BRIEF: Take the listing from its first line through the line that contains "Maximize space in" and please retype those lines exactly, leaving out the pictures.

BEGIN DATA SHOWN

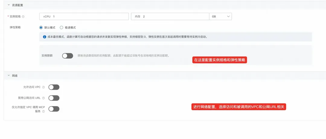 随后,你可以按需选择此 MCP 服务需要的资源配置和网络配置。资源配置决定了你的服务是否需要开启极速模式预留实例快照以及此服务需要的 CPU 和内存规格。网络配置决定了你的 MCP 服务是否要绑定 VPC 进行内网访问以及是否禁用公网 URL。
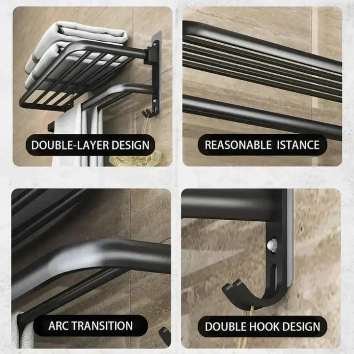 Maximize space in your bathroom with our DOUBLE LAYERS FOLDING BATH TOWEL HOLDER. With its unique design, it allows for easy storage and organization of your towels. Made with high-quality materials, it is sturdy and durable. Perfect for any bathroom, it's the perfect addition to your daily routine.
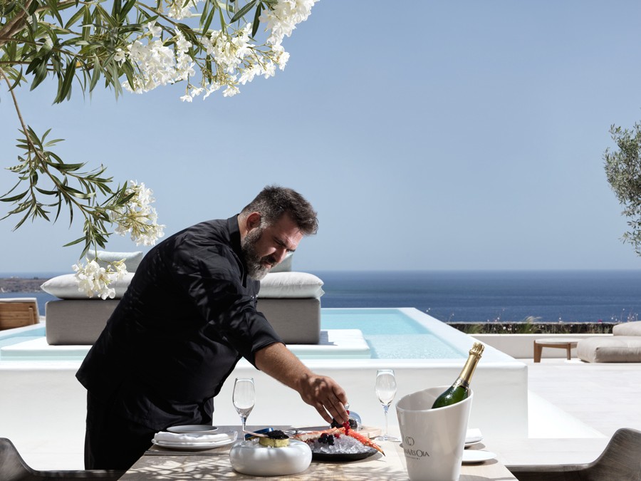 Στο fine dining εστιατόριο του εντυπωσιακού ξενοδοχείου του πολυτελούς ομίλου Canaves πάνω από το γραφικό Αμμούδι, ο εκφραστικός χαρακτήρας της κουζίνας του Τάσου Στεφάτου, Executive Chef των εστιατορίων του ομίλου «Canaves Oia», αποτυπώνεται σε ένα μενού διανθισμένο με τα τέσσερα στοιχεία της φύσης. Φωτιά, γη, αέρας και νερό αλληλεπιδρούν με τις εκφάνσεις της ζωής, αναδεικνύοντας με υποδειγματική φινέτσα την πρώτη ύλη.

END DATA SHOWN

EXPECTED ANSWER:
 随后,你可以按需选择此 MCP 服务需要的资源配置和网络配置。资源配置决定了你的服务是否需要开启极速模式预留实例快照以及此服务需要的 CPU 和内存规格。网络配置决定了你的 MCP 服务是否要绑定 VPC 进行内网访问以及是否禁用公网 URL。
 Maximize space in your bathroom with our DOUBLE LAYERS FOLDING BATH TOWEL HOLDER. With its unique design, it allows for easy storage and organization of your towels. Made with high-quality materials, it is sturdy and durable. Perfect for any bathroom, it's the perfect addition to your daily routine.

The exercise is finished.